Stored dataset items
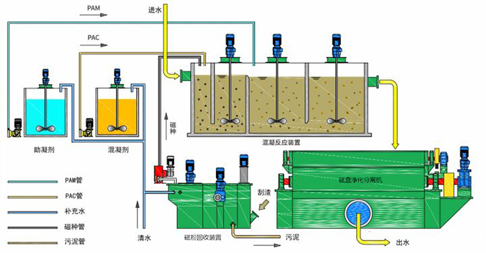 磁分離凈化水處理系統(tǒng)工藝技術(shù)具有穩(wěn)定成熟、分離時間短、處理能力大等特點。
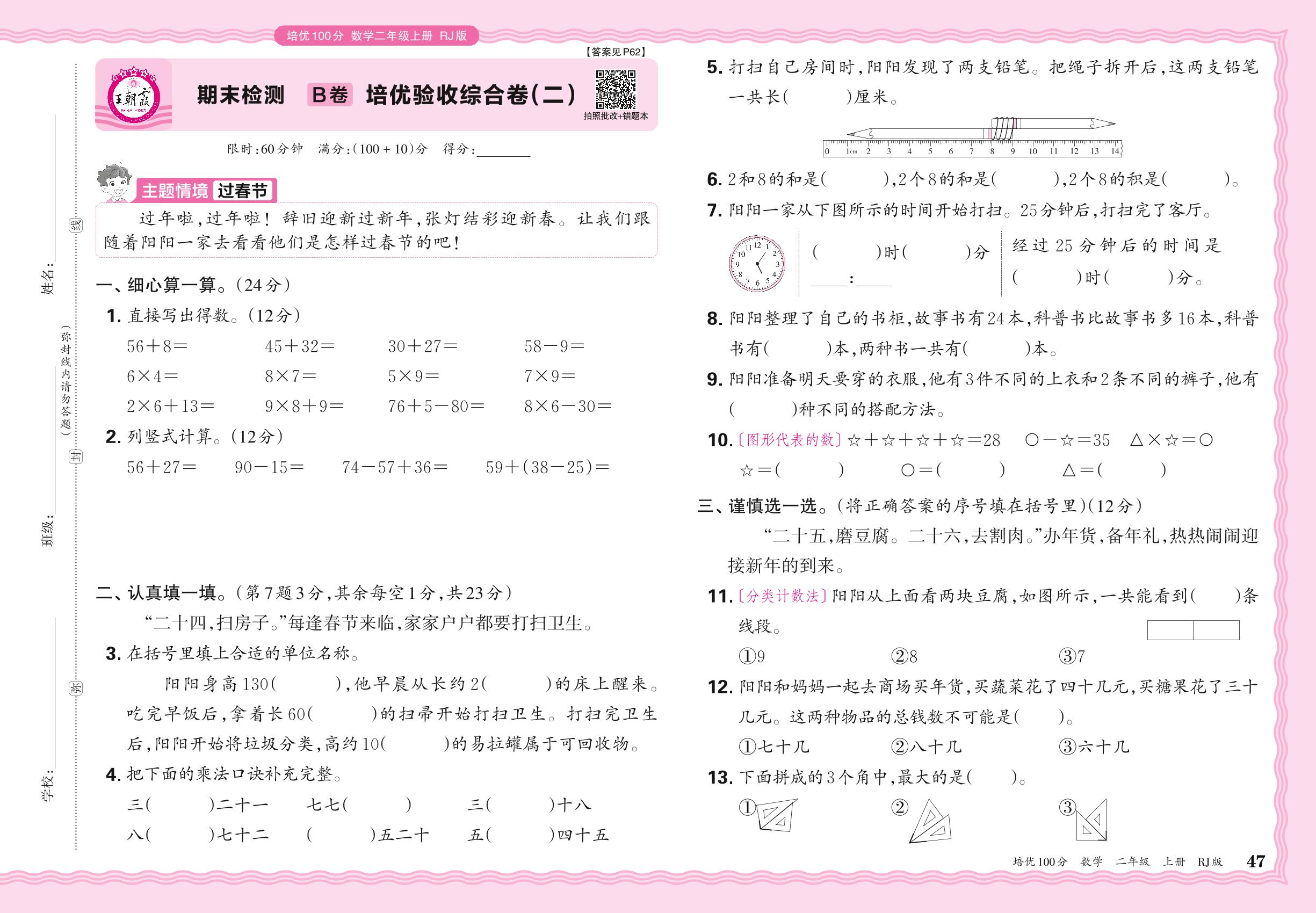 2024秋上册二年级数学人教版 期末检测B卷 培优验收综合卷(二)
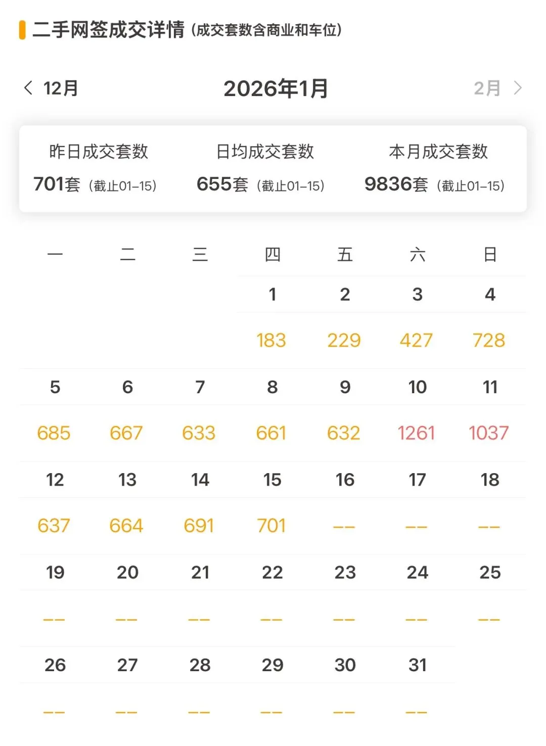 上海二手房最新成交量:昨日(1月15日)网签701套(含住宅、商业、车位等)。
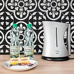 - ❓¿Hay una cocina disponible en este apartamento para uso de los huéspedes?Sí, este apartamento está equipado con una pequeña cocina y ofrece también un hervidor eléctrico, una cafetera/tetera y menaje de cocina.
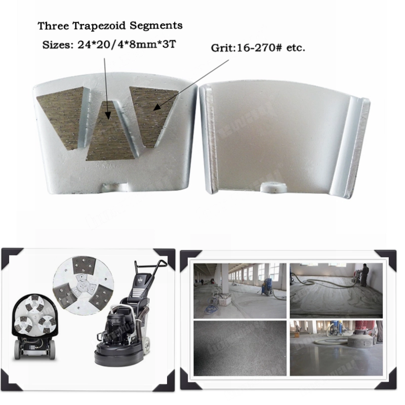 Das Folgende sind normale Spezifikationen Drei Segmente HTC Diamantschleifschuhe für die Terrazzobodensanierung von Beton:

» YOUR GOAL: Print exactly the lines running from the start of the entries above to the line with "上海二手房最新成交量:昨日(1月15日)网签701套(含住宅、商业、车位等)。", both included; leave out any pictures.

» COMPLETED TASK:
 磁分離凈化水處理系統(tǒng)工藝技術(shù)具有穩(wěn)定成熟、分離時間短、處理能力大等特點。
 2024秋上册二年级数学人教版 期末检测B卷 培优验收综合卷(二)
 上海二手房最新成交量:昨日(1月15日)网签701套(含住宅、商业、车位等)。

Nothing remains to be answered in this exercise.